The number \(e\) is an irrational number with an infinite decimal expansion that starts \(2.71828182845\ .\ .\ .\), which is used in finance and science as the base for an exponential function.

The time it takes for a material to decay to half of its original value. For example, the half-life of Carbon-14 is about 5,730 years. This means that if an object started with 10 micrograms of Carbon-14, then after 5,730 years it will have 5 micrograms of Carbon-14 left.

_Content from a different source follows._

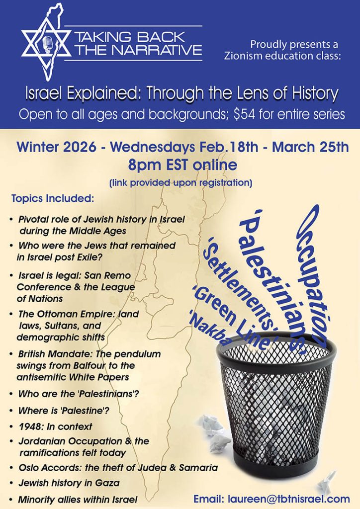 The course series, presented by Taking Back the Narrative (www.tbtnisrael.com), will take a deep dive into the history and connection of the land of Israel and the Jewish people. Origins of both the Jewish and Arab people will be explored. Learn to combat antisemitism and Anti-Zionism, effectively, through historical education.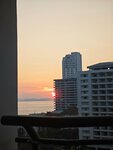 A good hotel, convenient location, near the market, not far from both the center and from Jomtien, you can drive in any direction without problems, shops, massages, makashnitsy, cafes, everything is available, there is an old but clean water park, a sightseeing restaurant in the tower, carousels, bungee jumping, access to the sea, but only to meet the dawn or sunset, I do not recommend swimming, standard breakfasts, rice, potatoes, chicken, eggs, pastries.. there are regular pools with sun loungers, and pools in the water park, generally not bad, the rooms are clean, daily cleaning, beautiful sea views.

The logarithm to base 10 of a number \(x\), written \(\log_{10}(x)\), is the exponent you raise 10 to get \(x\), so it is the number \(y\) that makes the equation \(10^y = x\) true. Logarithms to other bases are defined the same way with 10 replaced by the base, e.g. \(\log_2(x)\) is the number \(y\) that makes the equation \(2^y = x\) true. The logarithm to the base \(e\) is called the natural logarithm, and is written \(\ln(x)\).

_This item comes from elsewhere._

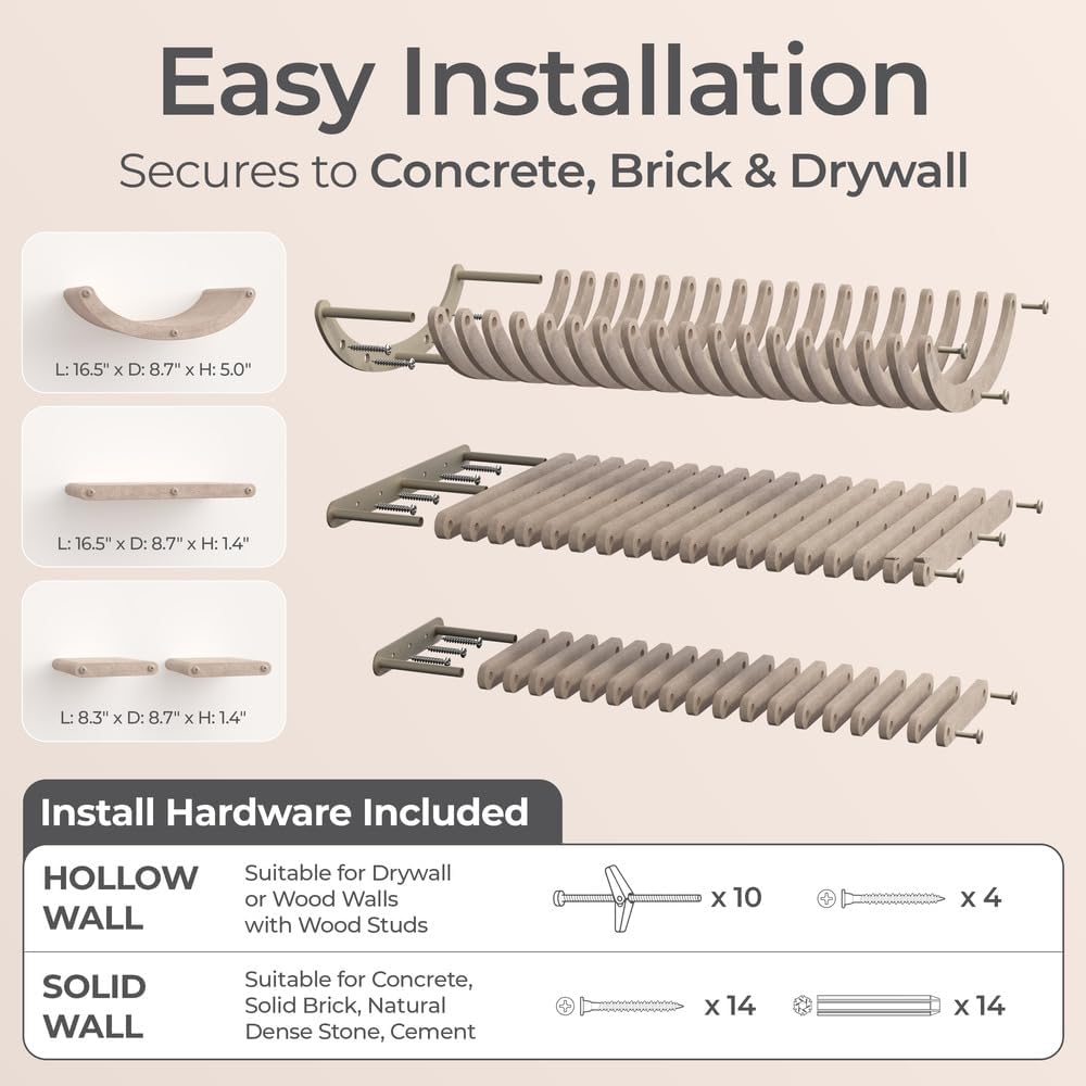- Effortless Paradise: This cat playground includes all installation hardware, allowing your fur-baby to start exploring right away. Our cat climbing shelves securely attach to concrete, cement, brick, dry wall and more ensuring your cat’s safety.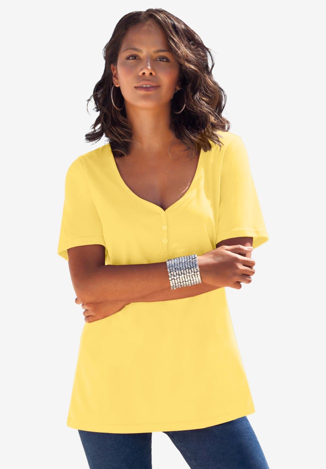 The ultimate feminine tee, with a pretty sweetheart neckline and three-button henley detail. Part of our Ultimate Collection, the tees you simply can’t live without. Every soft and stylish tee comfortably glides over curves and feels divine to wear. Made in a pure cotton knit that wears and washes beautifully, our fits are designed to flow and never cling. Look for the pretty details that make each one special.

A logarithmic function is a constant multiple of a logarithm to some base, so it is a function given by \(f(x) = k \log_{a}(x)\) where \(k\) is any number and \(a\) is a positive number (10, 2, or \(e\) in this course). The graph of a typical logarithmic function is shown. Although the function grows very slowly, the graph does not have a horizontal asymptote.

The natural logarithm of \(x\), written \(\ln(x)\), is the log to the base \(e\) of \(x\). So it is the number \(y\) that makes the equation \(e^y = x\) true.